Полицейские анкеты не просто описывают, а, скорее, формируют своих субъектов задаваемыми вопросами. К примеру, как пишут в одном учебнике по криминологии, в то время как «обычные люди воспринимают черты лица комплексно, если какая-то не выделяется явно», то анкеты полиции отказывают в таком привычном взгляде и вместо этого заставляют респондентов воспринимать тело подозреваемого фрагментарно, выделяя и рассматривая те или иные его части (вроде ушей или носа) и особые приметы [Osterburg, Ward 2000:201]. Респонденты, будь то свидетели, жертвы или сотрудники полиции, вносят и свой вклад в эту разработку образа подозреваемого, транслируя собственные личные интересы, предубеждения и страхи. В какие-то моменты истории цвет кожи подозреваемого перекрывал большую часть остальных характеристик, в другие такую же роль играли класс, происхождение или акцент. На описании Воланда отразилась одна конкретная перемена в профиле подозреваемого, произошедшая в 1930-х годах в Советском Союзе, когда недоверие стали испытывать «к определенным этническим группам и иностранцам» [Fitzpatrick 2005а: 24]. Также в его портрете прослеживаются характерные страхи того времени. Посади склонных к подозрительности фланеров с Патриарших прудов за стандартную анкету ГПУ, и из суммы их ответов наверняка возникнет образ подозреваемого как не менее странного персонажа, чем Воланд. Вот и список пунктов, которые, естественно, служат маркерами того, что следует отслеживать и запоминать для создания словесного портрета советского гражданина: «…отличительные приметы (физические недостатки, увечья, травмы), дополнительные характеристики (растительность на лице, бородавки, лишние пальцы, метки, волдыри, шрамы, необычные движения тела, лысина, асимметрия лица, разноцветные глаза и прочее)»[111]. Можно себе представить, как паниковал свидетель, опасаясь, что его бдительность и чутье посчитают недостаточными, если по слишком многим пунктам ему будет нечего сказать, и додумывая то хромоту, то золотой зуб, ну и, для красоты, асимметрию лица (разноцветные глаза, да еще с черными бровями, одна выше другой). Тут уже задача следователя – соединить эти разношерстные показания, среди которых многие справедливо будут признаны «никчемными», в более-менее связный словесный портрет. Как отмечает в своем анализе стилистики словесных портретов Кристиан Фелин,
Работа следователя с текстом удивительно близка к тому, что делает наш рассказчик. Начнем с того, что у него имеется доступ к сводкам на Воланда, а также общие с ними стиль и задачи. В третьем абзаце процитированного ранее фрагмента он не без гордости помещает на место какофонии различных сводок свое собственное, заслуживающее доверия резюме. При возможности рассказчик просто комбинирует данные сводок: так, он решает коллизию с зубами Воланда, золотыми в одном отчете и платиновыми в другом, заявляя, что у Воланда на одной стороне – золотые зубы, а на другой – платиновые. Это косвенное подтверждение его возможностей выходить за рамки ограниченной точки зрения одного наблюдателя, легкий намек на вездесущность. Где только можно, рассказчик с пеной у рта и надменностью отстаивает истинность собственной подачи фактов, не давая разумного объяснения своего преимущества. Благодаря слиянию изобретательной переработки информации и ораторских усилий его версия произошедшего выглядит авторитетной для читателя.

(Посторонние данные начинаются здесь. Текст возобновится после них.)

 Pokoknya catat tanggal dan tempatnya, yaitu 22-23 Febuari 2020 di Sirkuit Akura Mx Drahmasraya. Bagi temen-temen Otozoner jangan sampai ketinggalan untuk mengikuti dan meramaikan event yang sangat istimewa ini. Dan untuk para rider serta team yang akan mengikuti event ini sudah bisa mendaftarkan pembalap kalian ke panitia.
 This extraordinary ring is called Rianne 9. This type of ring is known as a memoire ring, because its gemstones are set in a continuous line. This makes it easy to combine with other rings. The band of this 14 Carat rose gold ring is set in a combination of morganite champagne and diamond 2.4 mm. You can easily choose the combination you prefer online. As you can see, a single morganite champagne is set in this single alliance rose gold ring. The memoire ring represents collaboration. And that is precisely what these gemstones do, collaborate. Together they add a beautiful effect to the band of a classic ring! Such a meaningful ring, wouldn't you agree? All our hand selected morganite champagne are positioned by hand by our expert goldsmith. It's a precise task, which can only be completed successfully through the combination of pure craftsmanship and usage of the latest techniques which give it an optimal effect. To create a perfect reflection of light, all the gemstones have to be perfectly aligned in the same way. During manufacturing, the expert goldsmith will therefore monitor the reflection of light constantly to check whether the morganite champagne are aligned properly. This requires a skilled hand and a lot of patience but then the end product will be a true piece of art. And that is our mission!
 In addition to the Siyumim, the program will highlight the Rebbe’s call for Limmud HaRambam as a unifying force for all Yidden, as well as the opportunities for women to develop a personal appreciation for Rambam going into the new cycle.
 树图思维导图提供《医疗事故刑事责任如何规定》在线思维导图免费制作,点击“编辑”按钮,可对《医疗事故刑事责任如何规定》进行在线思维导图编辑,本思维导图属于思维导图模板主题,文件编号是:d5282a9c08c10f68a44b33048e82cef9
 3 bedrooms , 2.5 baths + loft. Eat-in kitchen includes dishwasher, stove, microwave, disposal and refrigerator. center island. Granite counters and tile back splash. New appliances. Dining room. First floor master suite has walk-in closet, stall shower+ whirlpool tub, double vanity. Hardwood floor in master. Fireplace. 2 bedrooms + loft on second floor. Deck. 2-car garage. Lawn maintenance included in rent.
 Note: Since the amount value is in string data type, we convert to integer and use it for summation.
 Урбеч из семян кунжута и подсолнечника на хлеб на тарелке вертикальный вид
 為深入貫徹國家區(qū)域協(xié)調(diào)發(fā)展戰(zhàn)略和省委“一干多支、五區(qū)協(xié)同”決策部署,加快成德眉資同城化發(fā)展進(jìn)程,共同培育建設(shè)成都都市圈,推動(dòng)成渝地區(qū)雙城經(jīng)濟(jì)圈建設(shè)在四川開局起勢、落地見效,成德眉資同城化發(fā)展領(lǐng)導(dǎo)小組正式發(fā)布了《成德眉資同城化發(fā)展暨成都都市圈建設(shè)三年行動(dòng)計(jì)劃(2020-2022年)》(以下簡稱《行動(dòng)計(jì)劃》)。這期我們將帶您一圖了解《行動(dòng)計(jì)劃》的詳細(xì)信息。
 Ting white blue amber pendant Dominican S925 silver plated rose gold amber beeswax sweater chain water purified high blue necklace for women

С такой заметной челюстью, перекошенным ртом и разноцветными глазами, которые подчеркиваются черными бровями одна выше другой, Воланд силами рассказчика предстает карикатурным словесным воплощением некоторых особых примет, странных для его времени, включая асимметрию лица и глаза разных цветов, а также маркеров нездешности, от заграничных ботинок до периодически пропадающего акцента, так обескураживающего собеседников Воланда. Вдобавок наш рассказчик помечает даже не столь уж особые приметы Воланда тем же узнаваемым языком, который порой сводится до чуть ли не расшифровки односложных ответов на полицейский опрос: «По виду – лет сорока с лишним. Рот какой-то кривой. Выбрит гладко. Брюнет». И знаменитое завершение портрета – «словом – иностранец» – вызывает в памяти навешивание ярлыков, которым обычно заканчивали объемные, абсурдные, противоречивые досье, помещая человека в ту категорию, которая на данный момент была выбрана козлами отпущения; в нашем случае – иностранцев.

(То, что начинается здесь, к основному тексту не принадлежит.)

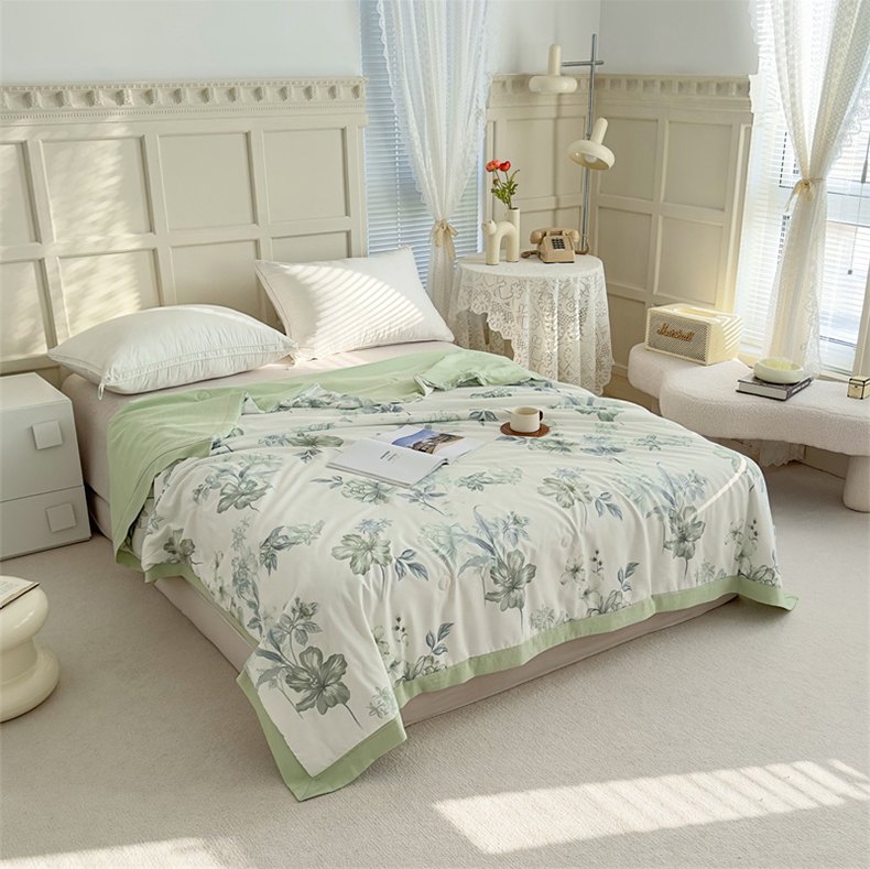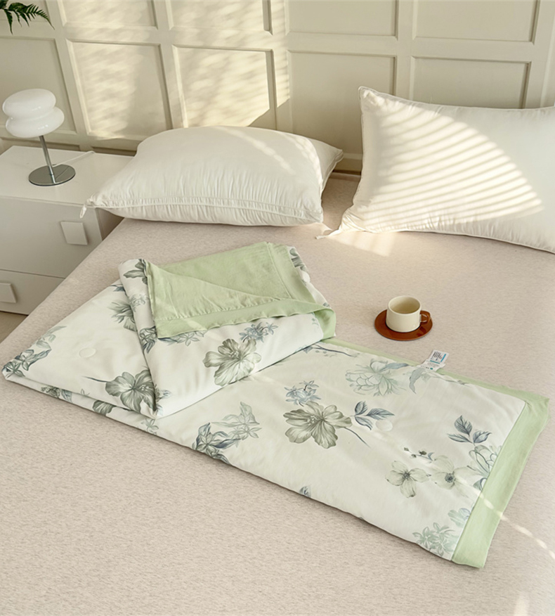 青螺家纺2024新款50S天丝夏凉被 半夏花语-绿

Прототипы писателя: безумцы, апостолы и следователи тайной полиции
Наш рассказчик сам намекает на сходство собственного писательского труда по объединению различных кусочков истории Воланда с деятельностью тайной полиции по расследованию его дела. И причина не в том, что ему не с кем было себя сравнить из авторов в традиционном понимании, коих и в его собственном романе достаточно. Ведь в «Мастере и Маргарите» отслеживается судьба сразу нескольких писателей и анализируются их писательские приемы. Пообещав бросить поэзию, Иван Бездомный садится за написание донесения в тайную полицию. В своем отчете Иван пытается собрать обрывочные воспоминания о Воланде в связный рассказ. И если Иван полагается преимущественно на то, чему сам был свидетелем, то Мастер, сосед Ивана по психиатрической клинике, опирается по большей части на информацию из исторических архивов и на силу воображения, чтобы написать исторический роман об Иисусе. Третий писатель в романе, Левий Матвей, работает в жанре неизбежно недостоверного свидетельства, следуя за Иешуа и набрасывая на пергаменте сказанное им. Наш рассказчик будто бы знаком с техникой каждого из них. Он даже включает в свое повествование длинные фрагменты их текстов, но сам никогда не ограничивается каким-либо одним из их подходов. Никто из писателей в романе не предлагает литературную модель для объединения историй, рассказанных с разницей в тысячи лет такими разными авторами, как дьявол, певец режима, историк на пенсии и апостол. Подобное объединение остается атрибутом нашего рассказчика. Тем не менее в определенный момент в романе рассказчик описывает усилия двенадцати следователей, которые, как и он сам, занимаются делом о визите в Москву иностранного профессора, «собирая, как на спицу, окаянные петли этого сложного дела, разбросавшиеся по всей Москве» [Булгаков 1999: 465]. Рассказчик и двенадцать следователей пользуются одной и той же лоскутной техникой, сшивая воедино обрывки истории Воланда. Кроме того, рассказчик имеет доступ не только к доступным общественности результатам их работы, но и к документам, являющимся конфиденциальной информацией из архивов, как, например, «важный материал», полученный следователем из показаний Ивана о Воланде [Булгаков 1999: 467].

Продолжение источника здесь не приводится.